Как молодая гончая, машина отчаянно рыскала из стороны в сторону, грозя снести все преграды на любом выбранном пути. Только чудом она выбралась на дорогу и скрылась в клубах пыли.
— А председатель-то наш — настоящий зверь! В таком состоянии и заставлять работать! — разочаровалась в начальстве тетя Клава и подвела неутешительный итог. — Разве это жизнь?..
По первым понедельникам каждого месяца у майора Вуйко А.М. — злостного работника ГАИ, — уже давно вошло в привычку инспектировать пункты госавтоинспекции, вынесенные за пределы городской черты. Наглые шофера называли их «мусорниками», но в такие дни жестоко расплачивались за неуместное буйство фантазии.
Гордо неся перед собой живот, где, в основном, и размещалось нежно взлелеянное чувство собственного достоинства, майор покинул родной дом в полдевятого утра и направился к ожидающей его машине. Обменявшись приветствием с водителем, он плюхнулся на переднее сидение желто-синей «Волги» и благодушно махнул рукой, давая добро на нетерпеливое желание сержанта тронуться. Вуйко А.М. не сомневался, что день будет удачный и его ждет масса приятных неожиданностей. Настроение было в высшей степени азартное, словно он уже видел подрагивающий поплавок любимой удочки.
Первый сюрприз пролился бальзамом на майорскую душу при выезде на трассу районного значения.

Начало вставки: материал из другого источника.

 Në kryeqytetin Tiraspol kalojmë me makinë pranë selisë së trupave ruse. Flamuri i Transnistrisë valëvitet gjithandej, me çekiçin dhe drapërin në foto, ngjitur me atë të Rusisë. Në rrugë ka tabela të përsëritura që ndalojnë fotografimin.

Прямо перед носом «Волги» на недозволенной скорости прошмыгнул «ГАЗ-53», резанув по опытным глазам, заменяющим радар, знакомой надписью «ЖИВАЯ РЫБА».
— Фас! — рявкнул Вуйко А.М., учащая пульс.

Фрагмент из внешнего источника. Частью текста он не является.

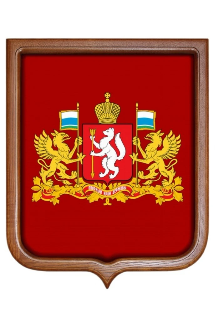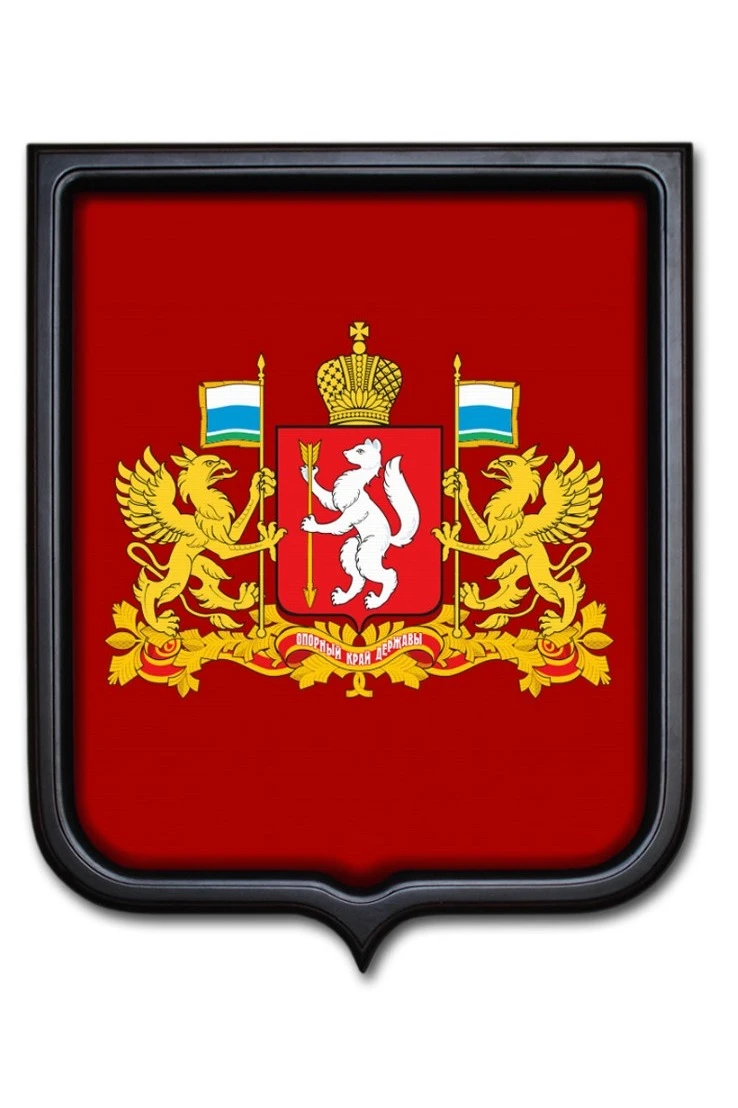 Герб Свердловской области выполнен в виде красного геральдического щита французской формы. В самом центре герба изображен стоящий в вертикальном положении соболь, который в своих передних лапах держит золотую стрелу. По обеим сторонам от него находятся золотые грифоны с флагами - символами Свердловской области. Под щитом проходит красная с золотым контуром лента с надписью "Опорный край державы". Увенчивает щит золотая императорская корона.

Водитель отжал сцепление и сунулся было вперед, но тут из пелены пыли выпрыгнул «УАЗ-469» цвета хаки. Сержанту пришлось резко затормозить, и майор едва не расквасил себе нос.
Тихо ругнувшись, Вуйко А.М. поднял голову и начал беззвучно проклинать все армейские маневры на свете, так как вслед за головной машиной потянулась бесконечная колонна грузовиков аналогичного цвета. Совсем неожиданно ему пришло в голову, что, возможно, из-за таких вот мелочей и становятся нормальные люди пацифистами.
— Уйдет, гад! — подражая героям советских боевиков и так же чуть не плача, простонал майор, ерзая на мягком сидении и рискуя похудеть.
— Может, сирену включить, а? Или по рации передать?! — тоже вошел в роль охотника водитель.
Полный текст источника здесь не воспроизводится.